▸ **Task goal**
The whole listing, apart from its images, should be restated word for word.

▸ **Supplied information**
=== Section Start ===
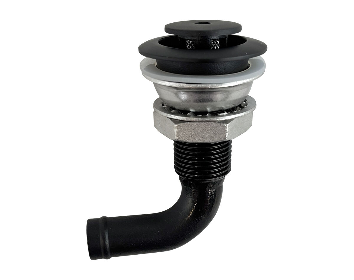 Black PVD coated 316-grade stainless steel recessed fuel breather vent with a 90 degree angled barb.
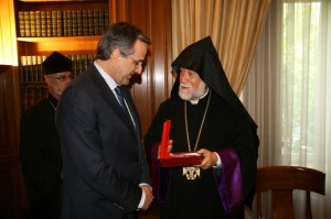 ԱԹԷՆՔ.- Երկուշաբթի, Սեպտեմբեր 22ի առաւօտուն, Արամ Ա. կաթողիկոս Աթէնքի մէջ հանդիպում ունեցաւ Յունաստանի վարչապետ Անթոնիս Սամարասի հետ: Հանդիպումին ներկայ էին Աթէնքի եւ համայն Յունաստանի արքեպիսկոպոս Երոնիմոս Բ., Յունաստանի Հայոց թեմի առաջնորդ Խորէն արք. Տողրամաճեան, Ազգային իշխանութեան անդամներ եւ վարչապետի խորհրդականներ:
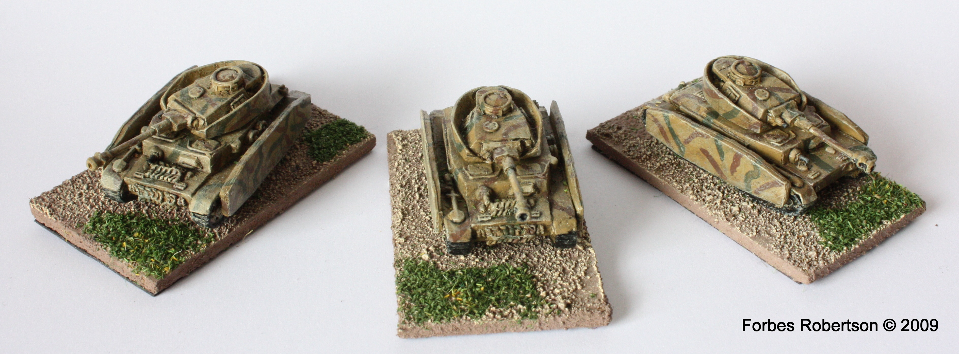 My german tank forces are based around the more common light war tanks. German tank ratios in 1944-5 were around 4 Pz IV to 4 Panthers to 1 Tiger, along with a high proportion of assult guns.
=== Section End ===
▸ **Output for this exercise**
 Black PVD coated 316-grade stainless steel recessed fuel breather vent with a 90 degree angled barb.
 ԱԹԷՆՔ.- Երկուշաբթի, Սեպտեմբեր 22ի առաւօտուն, Արամ Ա. կաթողիկոս Աթէնքի մէջ հանդիպում ունեցաւ Յունաստանի վարչապետ Անթոնիս Սամարասի հետ: Հանդիպումին ներկայ էին Աթէնքի եւ համայն Յունաստանի արքեպիսկոպոս Երոնիմոս Բ., Յունաստանի Հայոց թեմի առաջնորդ Խորէն արք. Տողրամաճեան, Ազգային իշխանութեան անդամներ եւ վարչապետի խորհրդականներ:
 My german tank forces are based around the more common light war tanks. German tank ratios in 1944-5 were around 4 Pz IV to 4 Panthers to 1 Tiger, along with a high proportion of assult guns.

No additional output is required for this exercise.